Preferably, the microprocessor module is connected with a touch screen display module for displaying system data and manually controlling and setting.

Preferably, the microprocessor module comprises a processing module and an encryption module, the signal acquisition module transmits the acquired power grid information and the acquired switching value information to the processing module, the processing module encrypts the power grid information and the switching value information through the encryption module, and the processing module transmits the encrypted information to the server platform through the data transmission module.

Preferably, the data transmission module adopts a GPRS data module or network port data communication.

Preferably, the touch screen display module adopts a DMT80480T050 touch screen.

Preferably, the signal acquisition module comprises a 485 data acquisition module and a switching value acquisition module.

Preferably, the switching value acquisition module specifically includes an optical coupler isolator U12, a resistor R85 and a resistor R84, one end of the resistor R85 is connected with the switch J9, the other end of the resistor R85 is connected with a pin 1 of the optical coupler isolator U12, a pin 2 of the optical coupler isolator U12 is grounded, a pin 4 of the optical coupler isolator U12 is one end of an output single-time connection resistor R84, the other end of the resistor R84 is connected with a power supply, and a pin 3 of the optical coupler isolator U12 is grounded.

A distributed T-connection photovoltaic wireless access acquisition method comprises the following steps:

s1, acquiring power grid information and switching value information in real time, and encrypting the acquired power grid information and switching value information;

and S2, transmitting the encrypted data to the server platform.

Preferably, the power grid information and the switching state of the switching value are acquired through an I/O bus FZ1/FZ2, the acquired power grid information and switching state data are sent to an encryption module through an SPI bus, the data are encrypted, the encrypted data are read to a processing module, the processing module sends the encrypted data to a GPRS communication module through a serial port 4(RXD4/TXD4), and the communication module wirelessly sends the data meeting the requirements.

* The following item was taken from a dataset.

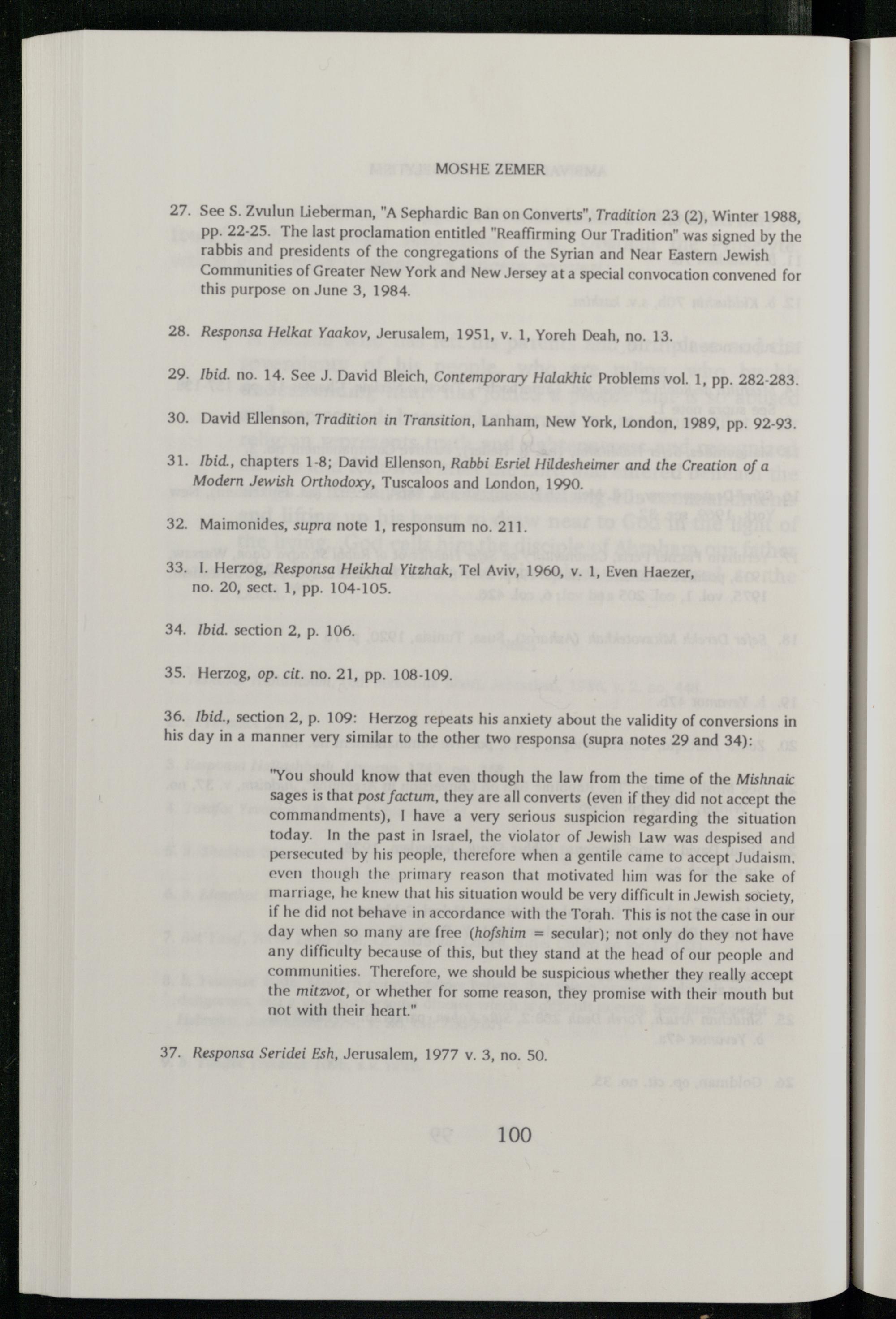 27. See S. Zvulun Lieberman,"A Sephardic Ban on Converts", Tradition 23(2), Winter 1988, Pp. 22-25. The last proclamation entitled"Reaffirming Our Tradition" was signed by the rabbis and presidents of the congregations of the Syrian and Near Eastern Jewish Communities of Greater New York and New Jersey at a special convocation convened for this purpose on June 3, 1984.

Compared with the prior art, the invention has the following beneficial technical effects:

the invention relates to a distributed T-connection photovoltaic wireless access acquisition system which comprises a microprocessor module, a signal acquisition module and a data transmission module, wherein circuit data parameters of distributed photovoltaics accessed to a power distribution network in a T-connection mode are acquired, data of a photovoltaic station pass through the microprocessor module to encrypt acquired power grid information and switching value information, then confidential data are transmitted to a server platform through the data transmission module, the server platform analyzes the influence of voltage distribution and line loss through analysis of the acquired data, and the influence of the access point on the voltage distribution and the line loss distribution is obtained, so that corresponding suggestions are provided for the distributed photovoltaic access to a low-voltage power grid, the structure is simple, the acquisition precision of the data is improved, and the acquisition of comprehensive data can be realized.

Specifically, the distributed power supply is connected to a power grid, and influences on a power system after the distributed power supply is connected to the power grid can be quickly obtained by collecting node voltage, power quality, system protection, reliability and short-circuit current, so that various adverse effects can be eliminated. The method has the advantages that parameters such as voltage, active power, reactive power, relative power angle and the like of key points of the distributed power supply during grid-connected operation are monitored in real time, and the method has important engineering practical significance for mastering the actual static and dynamic behaviors of the power grid and guiding the safe and economic operation of the power grid.

The device provides an economic and safe access mode for the photovoltaic power station, is small and exquisite, convenient and simple to install, can accurately, real-timely and completely collect and upload the operation information of the T-connection photovoltaic power station to a dispatching automation system, and realizes the functions of remote monitoring, protection and metering.

Drawings

Fig. 1 is a schematic diagram of a system structure according to an embodiment of the present invention.

Fig. 2 is a schematic circuit diagram of a switching value acquisition module according to an embodiment of the present invention.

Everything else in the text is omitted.